Problem details: Transcribe the records in full; omit images.

(Data entries)

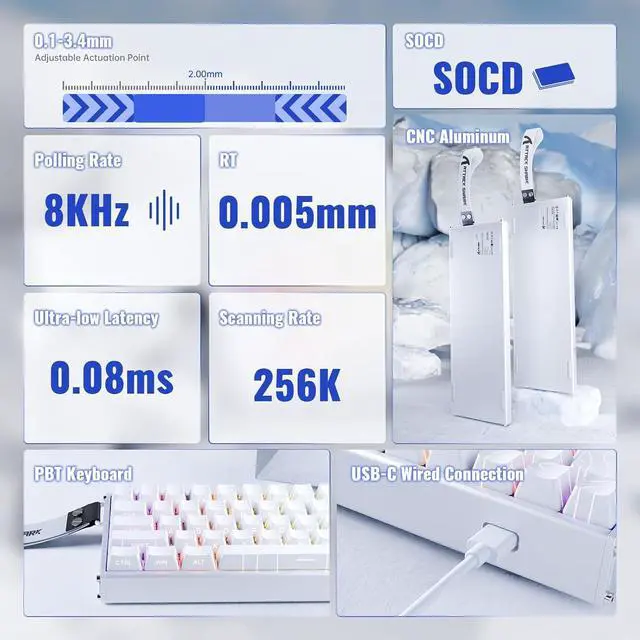 High Performance Magnetic Keyboard with Ultimate ControlATTACK SHARK X68 MAX HE:Dominate with Zero-Latency Precision.Powered by a custom ultra-fast gaming chip,it delivers 8000Hz polling rate,0.08ms ultra-low latency,and 256K scan ratecapturing every keystroke instantly.Experience true real-time response:react without prediction in intense games like Valorant,Osu,Apex Legends,and CS2.Gain absolute control for smoother,more intuitive gameplay that wins
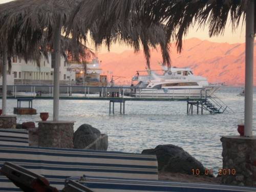 С этого момента начинается наш сказочный отдых. В отеле все время, практически круглые сутки находятся гиды Пегаса. Ехали до Табы 2,5 часа, я забыла о бессонной ночи в самолете и с удовольствием рассматривала горы, согласитесь не типичный для Египта пейзаж. Отель просто великолепный! Мы выбрали комнату на 5-м этаже с видом на море, доплатили всего 50$-обязательно торгуйтесь :)), персонал всегда готов пойти вам навстречу :)) Большая комната с балконом, вид был чудесный особенно рано утром и вечером, когда загорались огни с противоположного берега - граница с Израилем. Привели себя в порядок и уставшие, но довольные пошли на ужин. Питание достаточно разнообразное, все вкусное и свежее. Отдельно хочу отметить огромное кол-во выпечки и десертов, такая вкуснотища!!! Приходилось собирать волю в кулак, чтобы проявить благоразумие в выборе блюд и не превращать праздник живота в банальную обжираловку )) Немного о персонале: заранее где-то прочитала, что нужно всем улыбаться и говорить спасибо. Так и сделала, выучила по-арабски спасибо )), я не заметила различия в сервисе иностранцев, персонал вежливый и внимательный. Главное - это улыбка, ребята, улыбайтесь и все будут улыбаться Вам в ответ!Море в Египте особенное! Погода на протяжении всего отдыха в начале января +30 +32 градуса. Ветра нет, море теплое, потому что от ветра Табу защищают горы. По количеству солнечных теплых дней Таба занимает первое место в Египте. Территория небольшая, но очень зеленая, есть, где погулять, очень живописно. На территории несколько ресторанов, можно пообедать прямо на пляже. Вход в море удобный - и песчаный и с понтона (например, для любителей кораллов). В других отзывах читала, что не хватает на всех лежаков, но мы с этим не сталкивались.Про анимацию. Кому-то покажется скучно, и грустно, без дискотек, и шумных молодежных тусовок, ну что ж, дискотек нет, но в лобби баре проводились какие-то тематические вечера. Все тихо и респектабельно. Отдыхают в основном семейные, и влюбленные парочки, так что если нужно движение и тусовки - то не подойдет. Очень порадовали, аниматоры - весело, непринужденно, - приглашают всех участвовать в своих мероприятиях чуть ли не индивидуально, при этом силой, конечно, никого не тянут. В течение дня на пляже - волейбол. Лично я довольна, с 11 часов до 12 -йога. Пальмы, песок, море - абсолютный релакс. В 12.15 я бежала на аквааэробику в бассейн (в бассейне морская вода) перед отелем. Глядя на заводного парня, все плескались и веселились, как дети. В три часа - танец живота. Да, для тех, кто с маленькими детьми есть бассейн с подогревом.Я очень довольна! Отдых удался! Ребята, не надо ехать и вместо того, что бы отдыхать, ходить и выискивать недостатки, это можно найти везде, даже в самом безупречном!P.S Таба- райский уголок на Земле! А если вы хотите отдохнуть и посмотреть еще две страны, то непременно только ТАБА!
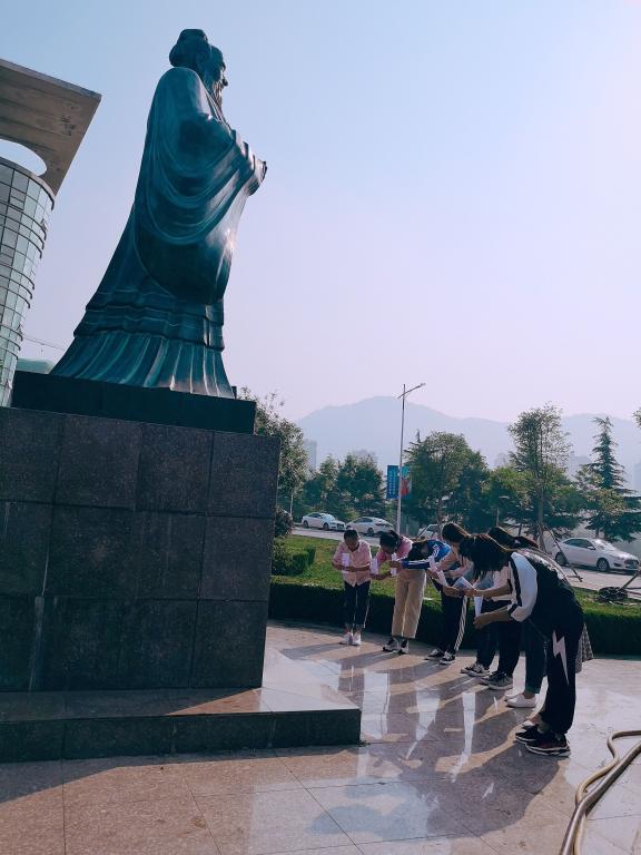 9月28日早,大地还残留着一丝盛夏未完全褪去的炙热余温、晨光还未撒遍校园,为了传承经典的儒学文化,体悟深刻切实的儒学精神,纪念孔子诞辰2569周年,来自高机专业的9位女生已早早地站在了孔夫子像前,为她们的纪念活动做着准备。
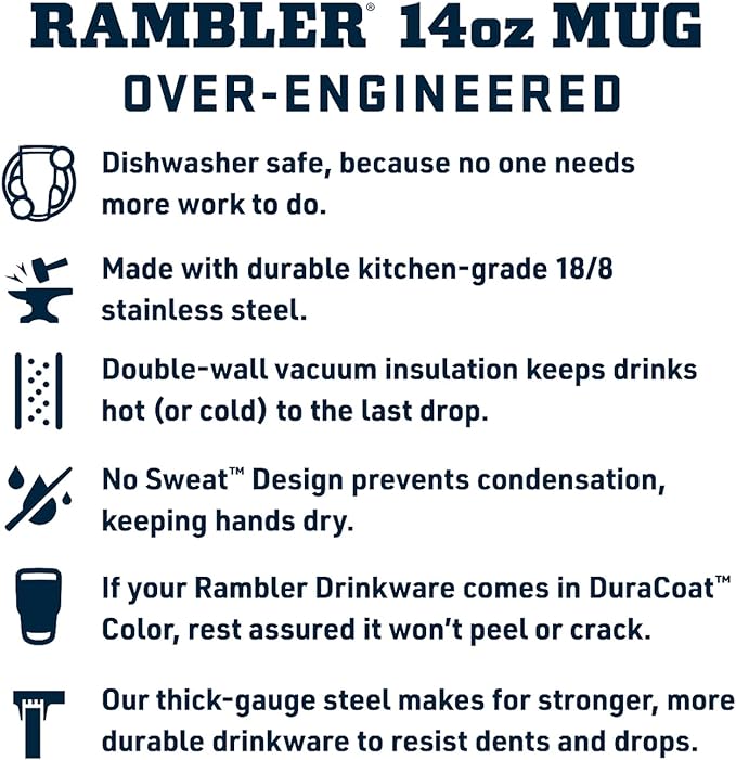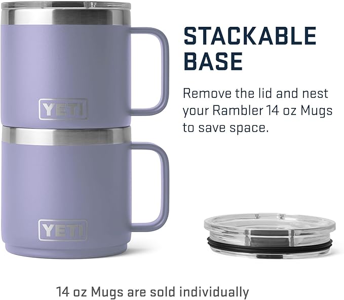 - STACKABLE BASE - Remove the lid and nest your Rambler 14 oz Mugs to save space
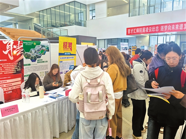 宣讲会后,校园双选会热闹开启。晋中聚焦教育系统人才需求,组织近百家企事业单位组团揽才,涵盖市县两级各类中小学校、重点教育机构以及相关企业,岗位门类齐全、发展路径清晰,精准匹配学校各专业人才求职需求。学子们手持个人简历穿梭于招聘展位,认真研读招聘要求,深入沟通岗位细节,详细了解发展前景,现场氛围十分热烈。当天下午,部分教育机构及用人单位便组织了现场面试,推动引才成果加速落地。
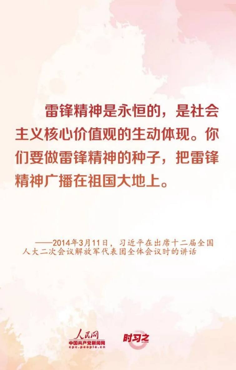 2014年3月11日,在十二届全国人大二次会议解放军代表团全体会议上,习近平同志强调“雷锋精神是永恒的,是社会主义核心价值观的生动体现。
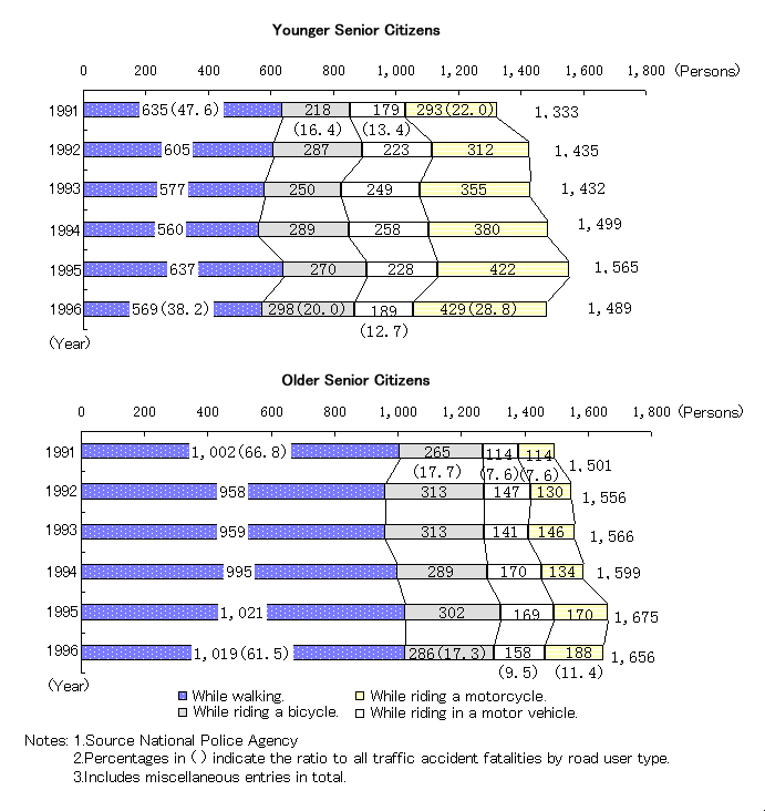 Traffic Accident Fatalities Classified into Younger and Older Senior Citizen Groups and Broken Down by Road User Type
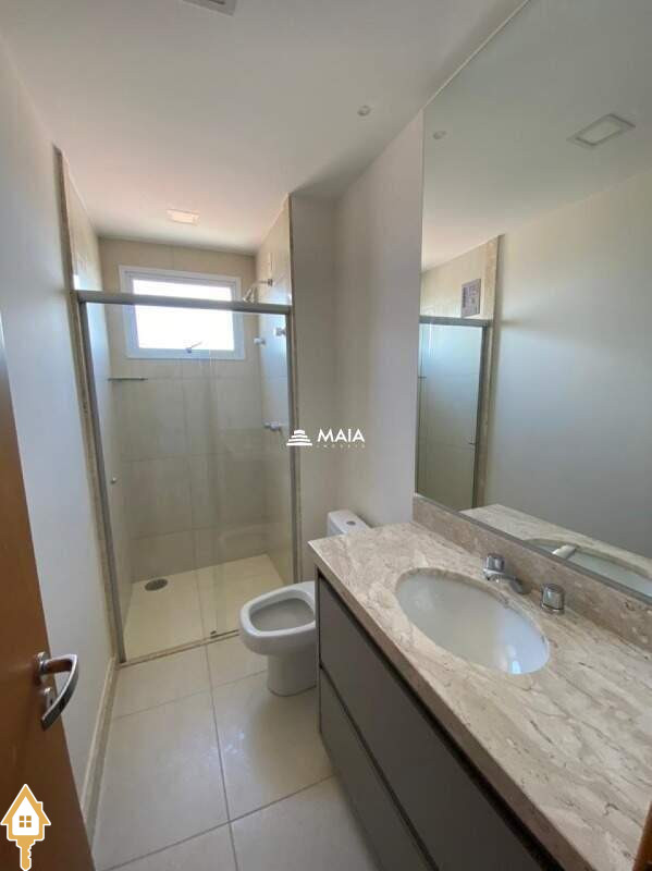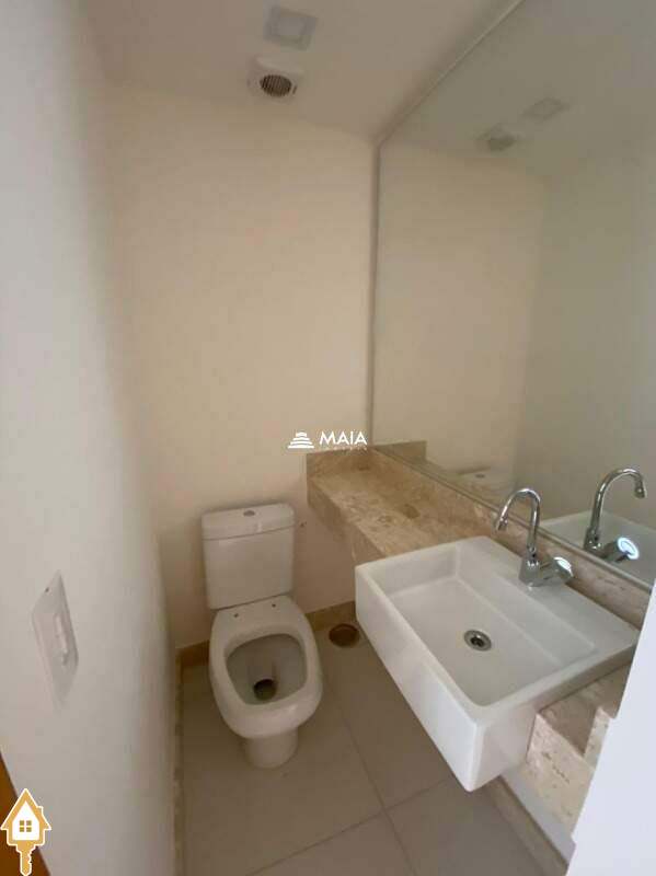 - banheiro social com armário, box em blindex e espelho
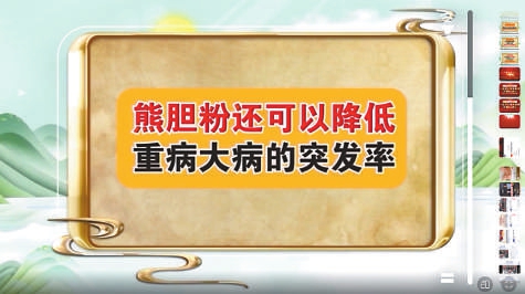 在直播間當中,熊膽粉被賦予“神藥”光環(huán),是“動物藥的天花板”,能“打開全身的排毒通道”“降低重病大病的突發(fā)率”等。直播期間,主講人還與多名患者熱線聯(lián)系,無論患者有什么樣的疾病,主講人都稱很適合服用熊膽粉。
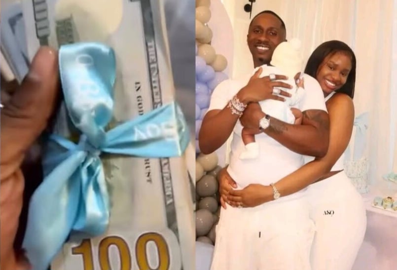 Tanzanian music star, Juma Jux, has melted hearts online after surprising his wife, Priscilla Ojo, with bundles of dollars as a lavish push gift.
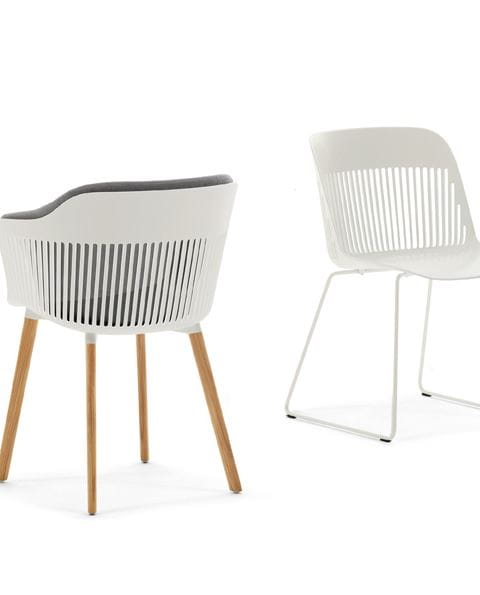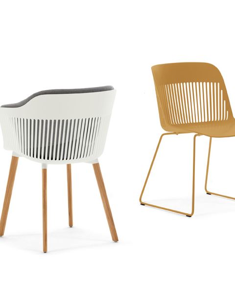 With its light and transparent design, AIIR by GamFratesi reinterprets the classic shell chair for contemporary living. DEDON’s first collection to incorporate injection-molded seating, AIIR is equally suited for use outdoors or in — and so lightweight it’s a breeze to move between the two. Available in armchair and side chair versions, both with tapered teak legs and optional seat and back cushions, the collection comes in an exclusive color palette reflecting Nordic and Italian influences.
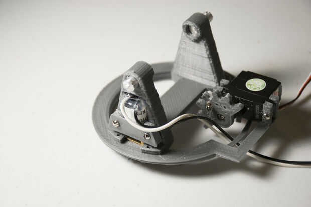 En la base de la torreta, he añadido un micro servo, para la inclinación y un micro motor de la C.C. para la rotación.
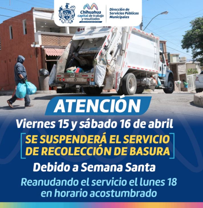 Con motivo de los días inhábiles por la celebración de semana santa, el Gobierno Municipal, a través de la Dirección de Servicios Públicos Municipales, informa a la ciudadanía que los días viernes 15 y sábado 16 de abril se suspenderá el servicio de recolección de basura habitacional.

Output of the exercise:
 High Performance Magnetic Keyboard with Ultimate ControlATTACK SHARK X68 MAX HE:Dominate with Zero-Latency Precision.Powered by a custom ultra-fast gaming chip,it delivers 8000Hz polling rate,0.08ms ultra-low latency,and 256K scan ratecapturing every keystroke instantly.Experience true real-time response:react without prediction in intense games like Valorant,Osu,Apex Legends,and CS2.Gain absolute control for smoother,more intuitive gameplay that wins
 С этого момента начинается наш сказочный отдых. В отеле все время, практически круглые сутки находятся гиды Пегаса. Ехали до Табы 2,5 часа, я забыла о бессонной ночи в самолете и с удовольствием рассматривала горы, согласитесь не типичный для Египта пейзаж. Отель просто великолепный! Мы выбрали комнату на 5-м этаже с видом на море, доплатили всего 50$-обязательно торгуйтесь :)), персонал всегда готов пойти вам навстречу :)) Большая комната с балконом, вид был чудесный особенно рано утром и вечером, когда загорались огни с противоположного берега - граница с Израилем. Привели себя в порядок и уставшие, но довольные пошли на ужин. Питание достаточно разнообразное, все вкусное и свежее. Отдельно хочу отметить огромное кол-во выпечки и десертов, такая вкуснотища!!! Приходилось собирать волю в кулак, чтобы проявить благоразумие в выборе блюд и не превращать праздник живота в банальную обжираловку )) Немного о персонале: заранее где-то прочитала, что нужно всем улыбаться и говорить спасибо. Так и сделала, выучила по-арабски спасибо )), я не заметила различия в сервисе иностранцев, персонал вежливый и внимательный. Главное - это улыбка, ребята, улыбайтесь и все будут улыбаться Вам в ответ!Море в Египте особенное! Погода на протяжении всего отдыха в начале января +30 +32 градуса. Ветра нет, море теплое, потому что от ветра Табу защищают горы. По количеству солнечных теплых дней Таба занимает первое место в Египте. Территория небольшая, но очень зеленая, есть, где погулять, очень живописно. На территории несколько ресторанов, можно пообедать прямо на пляже. Вход в море удобный - и песчаный и с понтона (например, для любителей кораллов). В других отзывах читала, что не хватает на всех лежаков, но мы с этим не сталкивались.Про анимацию. Кому-то покажется скучно, и грустно, без дискотек, и шумных молодежных тусовок, ну что ж, дискотек нет, но в лобби баре проводились какие-то тематические вечера. Все тихо и респектабельно. Отдыхают в основном семейные, и влюбленные парочки, так что если нужно движение и тусовки - то не подойдет. Очень порадовали, аниматоры - весело, непринужденно, - приглашают всех участвовать в своих мероприятиях чуть ли не индивидуально, при этом силой, конечно, никого не тянут. В течение дня на пляже - волейбол. Лично я довольна, с 11 часов до 12 -йога. Пальмы, песок, море - абсолютный релакс. В 12.15 я бежала на аквааэробику в бассейн (в бассейне морская вода) перед отелем. Глядя на заводного парня, все плескались и веселились, как дети. В три часа - танец живота. Да, для тех, кто с маленькими детьми есть бассейн с подогревом.Я очень довольна! Отдых удался! Ребята, не надо ехать и вместо того, что бы отдыхать, ходить и выискивать недостатки, это можно найти везде, даже в самом безупречном!P.S Таба- райский уголок на Земле! А если вы хотите отдохнуть и посмотреть еще две страны, то непременно только ТАБА!
 9月28日早,大地还残留着一丝盛夏未完全褪去的炙热余温、晨光还未撒遍校园,为了传承经典的儒学文化,体悟深刻切实的儒学精神,纪念孔子诞辰2569周年,来自高机专业的9位女生已早早地站在了孔夫子像前,为她们的纪念活动做着准备。
 - STACKABLE BASE - Remove the lid and nest your Rambler 14 oz Mugs to save space
 宣讲会后,校园双选会热闹开启。晋中聚焦教育系统人才需求,组织近百家企事业单位组团揽才,涵盖市县两级各类中小学校、重点教育机构以及相关企业,岗位门类齐全、发展路径清晰,精准匹配学校各专业人才求职需求。学子们手持个人简历穿梭于招聘展位,认真研读招聘要求,深入沟通岗位细节,详细了解发展前景,现场氛围十分热烈。当天下午,部分教育机构及用人单位便组织了现场面试,推动引才成果加速落地。
 2014年3月11日,在十二届全国人大二次会议解放军代表团全体会议上,习近平同志强调“雷锋精神是永恒的,是社会主义核心价值观的生动体现。
 Traffic Accident Fatalities Classified into Younger and Older Senior Citizen Groups and Broken Down by Road User Type
 - banheiro social com armário, box em blindex e espelho
 在直播間當中,熊膽粉被賦予“神藥”光環(huán),是“動物藥的天花板”,能“打開全身的排毒通道”“降低重病大病的突發(fā)率”等。直播期間,主講人還與多名患者熱線聯(lián)系,無論患者有什么樣的疾病,主講人都稱很適合服用熊膽粉。
 Tanzanian music star, Juma Jux, has melted hearts online after surprising his wife, Priscilla Ojo, with bundles of dollars as a lavish push gift.
 With its light and transparent design, AIIR by GamFratesi reinterprets the classic shell chair for contemporary living. DEDON’s first collection to incorporate injection-molded seating, AIIR is equally suited for use outdoors or in — and so lightweight it’s a breeze to move between the two. Available in armchair and side chair versions, both with tapered teak legs and optional seat and back cushions, the collection comes in an exclusive color palette reflecting Nordic and Italian influences.
 En la base de la torreta, he añadido un micro servo, para la inclinación y un micro motor de la C.C. para la rotación.
 Con motivo de los días inhábiles por la celebración de semana santa, el Gobierno Municipal, a través de la Dirección de Servicios Públicos Municipales, informa a la ciudadanía que los días viernes 15 y sábado 16 de abril se suspenderá el servicio de recolección de basura habitacional.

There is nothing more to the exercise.